> [What this task involves]
Here the job is to transcribe the data verbatim while leaving each picture out.

══ Dataset content

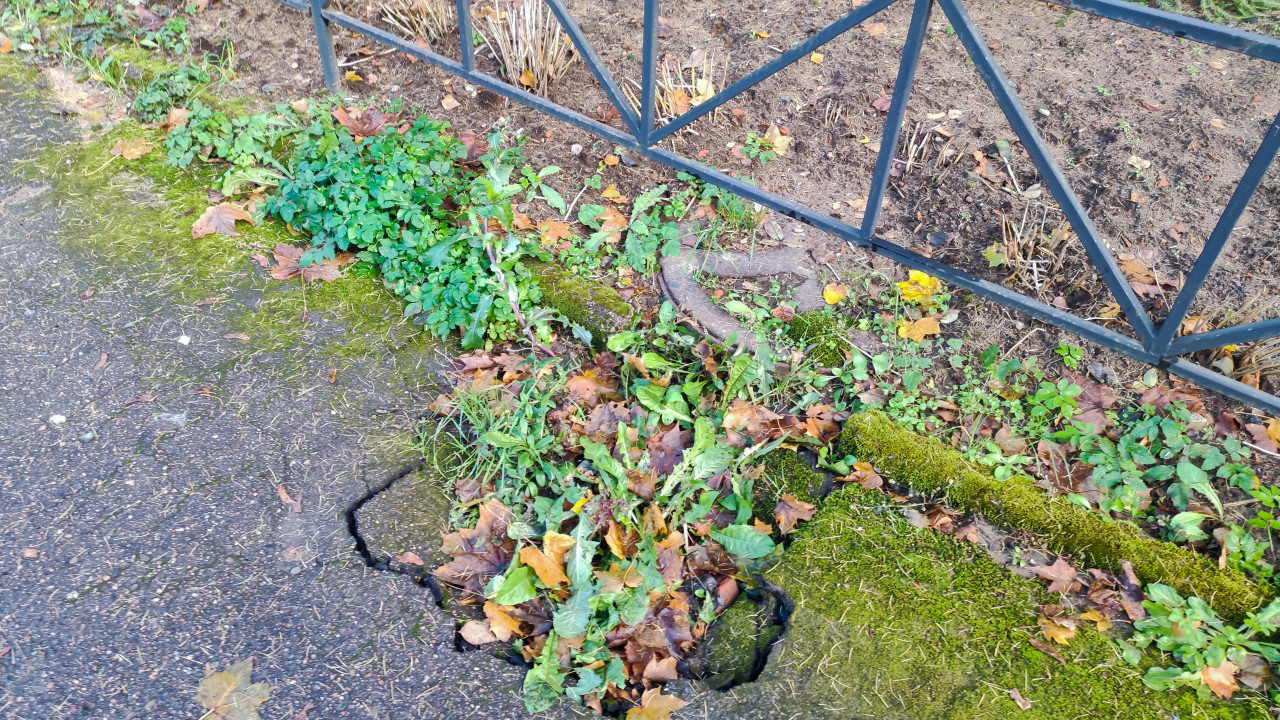 Корневая деформация тротуарного покрытия вдоль ограждения
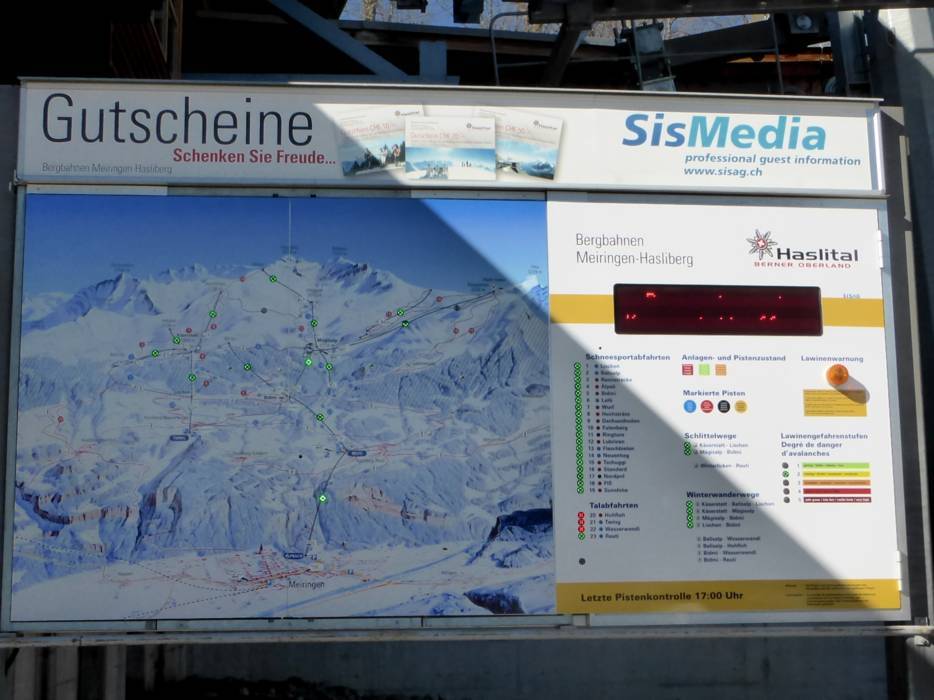 | Nota: Gli orari d'esercizio sono indicazioni generali fornite dal comprensorio sciistico Meiringen-Hasliberg e possono variare in funzione di circostanze particolari, giorni settimanali, vacanze scolastiche e festività. | |
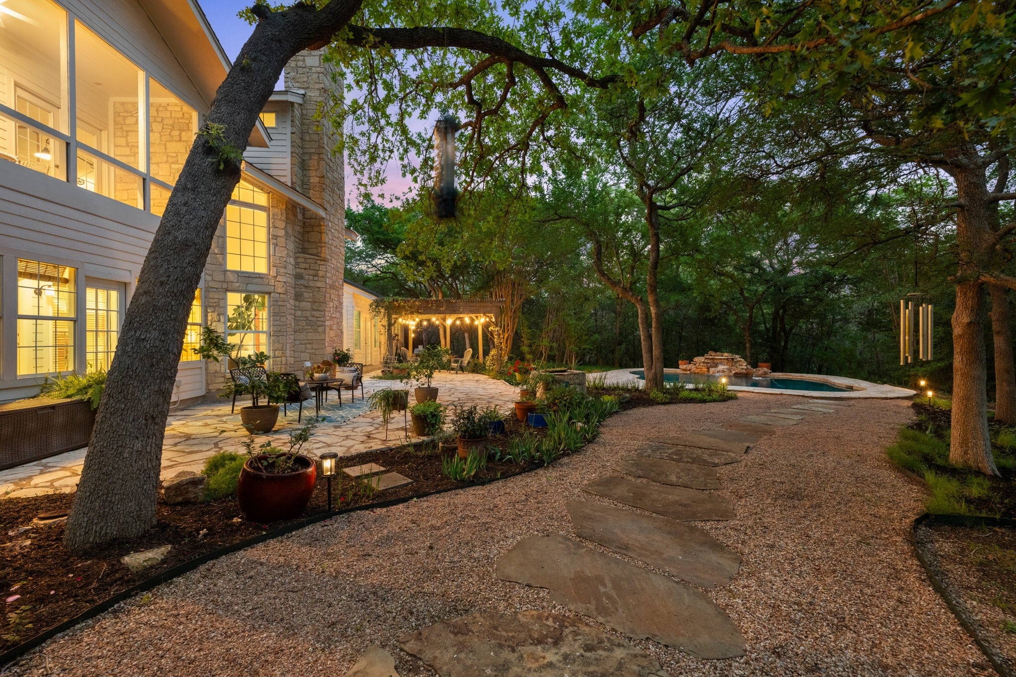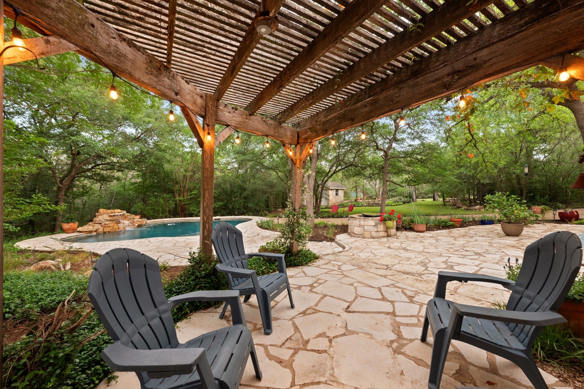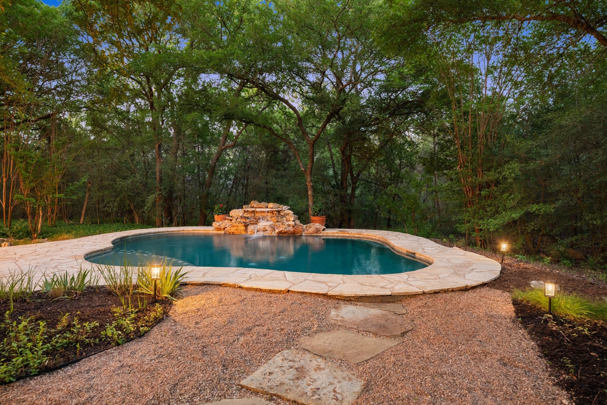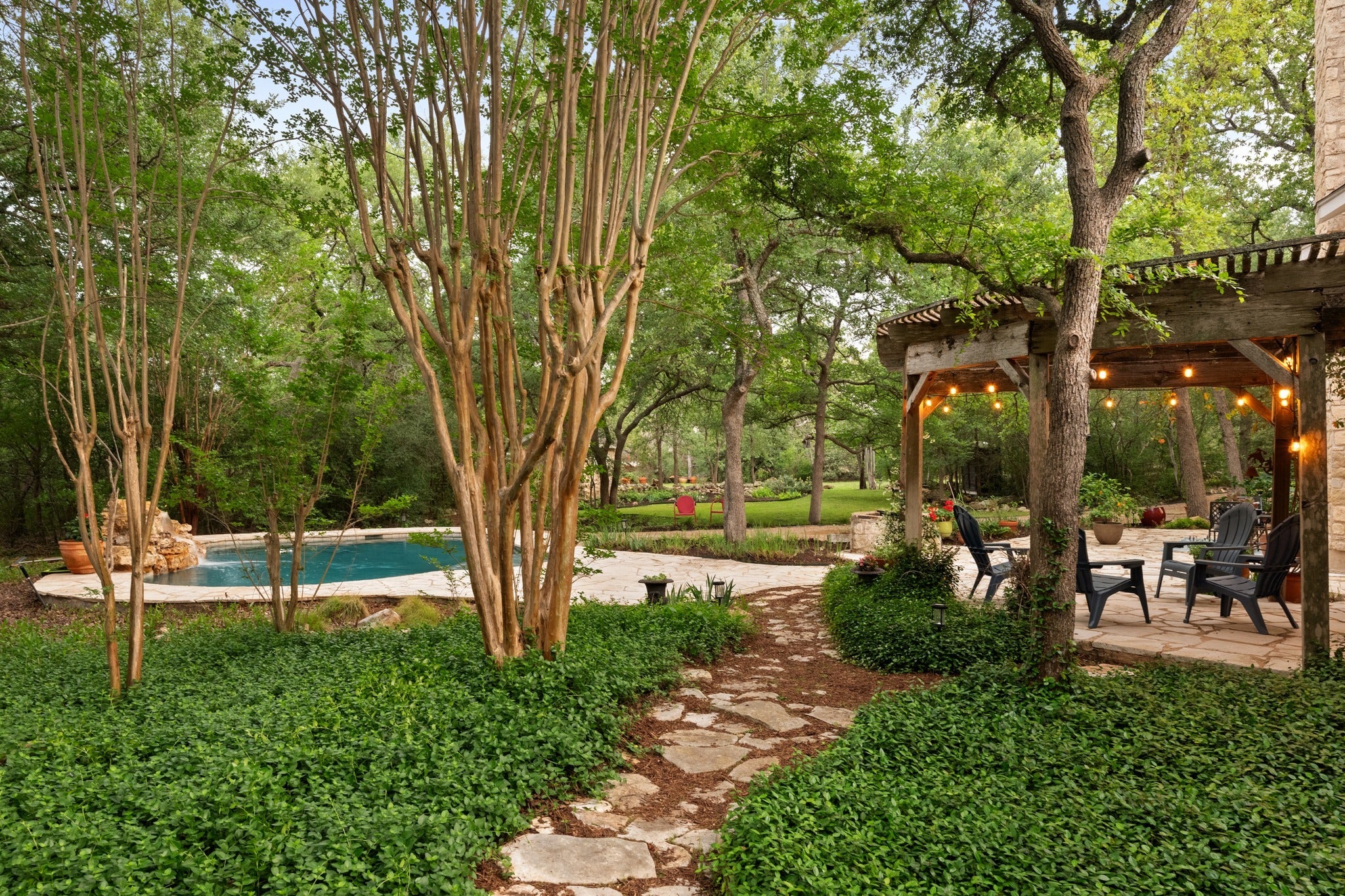 This forever Hill Country home lives like a private, year-round resort. Tucked beneath mature oaks on a serene 2-acre cul-de-sac lot, the beautiful grounds offer both privacy and play—featuring a sparkling pool with a cascading stone waterfall, bocce ball court, treehouse, fire pit, greenhouse, outdoor shower, and a charming stone patio with pergola. The primary suite is a true retreat, complete with a screened-in sun porch overlooking the treetops and the soothing sound of the waterfall. The recently updated chef’s kitchen showcases a custom-built island, six-burner gas cooktop, Sub-Zero refrigerator, farmhouse sink, maple cabinetry, and quartz countertops. The first floor offers two bedrooms plus a dedicated office that can serve as a fourth bedroom by removing the built-ins. Two sunrooms span the back of the home, framing the picturesque yard and offering flexible space for a reading room, art studio, dining area, or additional office. In 2020, a stunning 1,050-square-foot workshop was added—featuring a dramatic roll-up glass door that invites the outdoors in, a built-in desk, 12-feet of custom cabinetry, & a covered patio. Ideal for creative pursuits, a home office, guest house conversion, or game room. The current owner, a talented wood artist, hand-crafted both the custom walk-in closet and the kitchen island, adding a layer of artistry you won’t find elsewhere. Located in one of the area’s lowest tax rate pockets with no city or MUD taxes, low utility costs, and a modest HOA of just $100/year. Zoned to award-winning Dripping Springs Independent School District schools, and near Cypress Springs Elementary School and Sycamore Springs Middle School. Walk to Crowded Barrel Whiskey Co.’s inviting Alchemy Lounge to meet neighbors for dinner and drinks, or explore nearby Hill Country favorites like The Salt Lick BBQ, Trattoria Lisina local wineries, scenic creeks, and the Violet Crown Trail—all while being just minutes from downtown Austin.

════

> [Response to this task]
 Корневая деформация тротуарного покрытия вдоль ограждения
 | Nota: Gli orari d'esercizio sono indicazioni generali fornite dal comprensorio sciistico Meiringen-Hasliberg e possono variare in funzione di circostanze particolari, giorni settimanali, vacanze scolastiche e festività. | |
 This forever Hill Country home lives like a private, year-round resort. Tucked beneath mature oaks on a serene 2-acre cul-de-sac lot, the beautiful grounds offer both privacy and play—featuring a sparkling pool with a cascading stone waterfall, bocce ball court, treehouse, fire pit, greenhouse, outdoor shower, and a charming stone patio with pergola. The primary suite is a true retreat, complete with a screened-in sun porch overlooking the treetops and the soothing sound of the waterfall. The recently updated chef’s kitchen showcases a custom-built island, six-burner gas cooktop, Sub-Zero refrigerator, farmhouse sink, maple cabinetry, and quartz countertops. The first floor offers two bedrooms plus a dedicated office that can serve as a fourth bedroom by removing the built-ins. Two sunrooms span the back of the home, framing the picturesque yard and offering flexible space for a reading room, art studio, dining area, or additional office. In 2020, a stunning 1,050-square-foot workshop was added—featuring a dramatic roll-up glass door that invites the outdoors in, a built-in desk, 12-feet of custom cabinetry, & a covered patio. Ideal for creative pursuits, a home office, guest house conversion, or game room. The current owner, a talented wood artist, hand-crafted both the custom walk-in closet and the kitchen island, adding a layer of artistry you won’t find elsewhere. Located in one of the area’s lowest tax rate pockets with no city or MUD taxes, low utility costs, and a modest HOA of just $100/year. Zoned to award-winning Dripping Springs Independent School District schools, and near Cypress Springs Elementary School and Sycamore Springs Middle School. Walk to Crowded Barrel Whiskey Co.’s inviting Alchemy Lounge to meet neighbors for dinner and drinks, or explore nearby Hill Country favorites like The Salt Lick BBQ, Trattoria Lisina local wineries, scenic creeks, and the Violet Crown Trail—all while being just minutes from downtown Austin.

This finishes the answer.